__YOUR ASSIGNMENT__: Reproduce the data shown below exactly.

__DATA SEGMENT__:
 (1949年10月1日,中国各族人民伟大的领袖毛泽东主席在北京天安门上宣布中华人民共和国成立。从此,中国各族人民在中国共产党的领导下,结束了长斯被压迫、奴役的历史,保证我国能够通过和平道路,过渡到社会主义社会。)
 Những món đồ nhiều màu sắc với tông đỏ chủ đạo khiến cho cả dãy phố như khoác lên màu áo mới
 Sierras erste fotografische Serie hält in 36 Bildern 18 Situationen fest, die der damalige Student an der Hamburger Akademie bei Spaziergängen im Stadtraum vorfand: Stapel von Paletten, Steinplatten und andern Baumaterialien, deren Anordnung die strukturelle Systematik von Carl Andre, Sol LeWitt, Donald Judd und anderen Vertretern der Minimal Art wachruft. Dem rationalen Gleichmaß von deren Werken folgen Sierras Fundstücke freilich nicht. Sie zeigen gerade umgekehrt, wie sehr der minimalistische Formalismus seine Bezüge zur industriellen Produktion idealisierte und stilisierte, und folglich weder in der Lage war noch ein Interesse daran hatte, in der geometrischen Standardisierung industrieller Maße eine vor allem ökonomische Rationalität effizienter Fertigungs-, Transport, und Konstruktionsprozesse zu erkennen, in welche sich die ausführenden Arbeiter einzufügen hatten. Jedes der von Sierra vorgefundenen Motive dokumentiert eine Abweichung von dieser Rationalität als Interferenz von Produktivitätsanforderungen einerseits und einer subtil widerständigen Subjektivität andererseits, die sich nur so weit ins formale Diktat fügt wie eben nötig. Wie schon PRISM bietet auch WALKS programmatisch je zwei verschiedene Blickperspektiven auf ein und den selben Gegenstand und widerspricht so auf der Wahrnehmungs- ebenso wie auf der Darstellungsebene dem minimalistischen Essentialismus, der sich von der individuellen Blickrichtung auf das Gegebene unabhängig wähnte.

__EXERCISE RESULT__:
 (1949年10月1日,中国各族人民伟大的领袖毛泽东主席在北京天安门上宣布中华人民共和国成立。从此,中国各族人民在中国共产党的领导下,结束了长斯被压迫、奴役的历史,保证我国能够通过和平道路,过渡到社会主义社会。)
 Những món đồ nhiều màu sắc với tông đỏ chủ đạo khiến cho cả dãy phố như khoác lên màu áo mới
 Sierras erste fotografische Serie hält in 36 Bildern 18 Situationen fest, die der damalige Student an der Hamburger Akademie bei Spaziergängen im Stadtraum vorfand: Stapel von Paletten, Steinplatten und andern Baumaterialien, deren Anordnung die strukturelle Systematik von Carl Andre, Sol LeWitt, Donald Judd und anderen Vertretern der Minimal Art wachruft. Dem rationalen Gleichmaß von deren Werken folgen Sierras Fundstücke freilich nicht. Sie zeigen gerade umgekehrt, wie sehr der minimalistische Formalismus seine Bezüge zur industriellen Produktion idealisierte und stilisierte, und folglich weder in der Lage war noch ein Interesse daran hatte, in der geometrischen Standardisierung industrieller Maße eine vor allem ökonomische Rationalität effizienter Fertigungs-, Transport, und Konstruktionsprozesse zu erkennen, in welche sich die ausführenden Arbeiter einzufügen hatten. Jedes der von Sierra vorgefundenen Motive dokumentiert eine Abweichung von dieser Rationalität als Interferenz von Produktivitätsanforderungen einerseits und einer subtil widerständigen Subjektivität andererseits, die sich nur so weit ins formale Diktat fügt wie eben nötig. Wie schon PRISM bietet auch WALKS programmatisch je zwei verschiedene Blickperspektiven auf ein und den selben Gegenstand und widerspricht so auf der Wahrnehmungs- ebenso wie auf der Darstellungsebene dem minimalistischen Essentialismus, der sich von der individuellen Blickrichtung auf das Gegebene unabhängig wähnte.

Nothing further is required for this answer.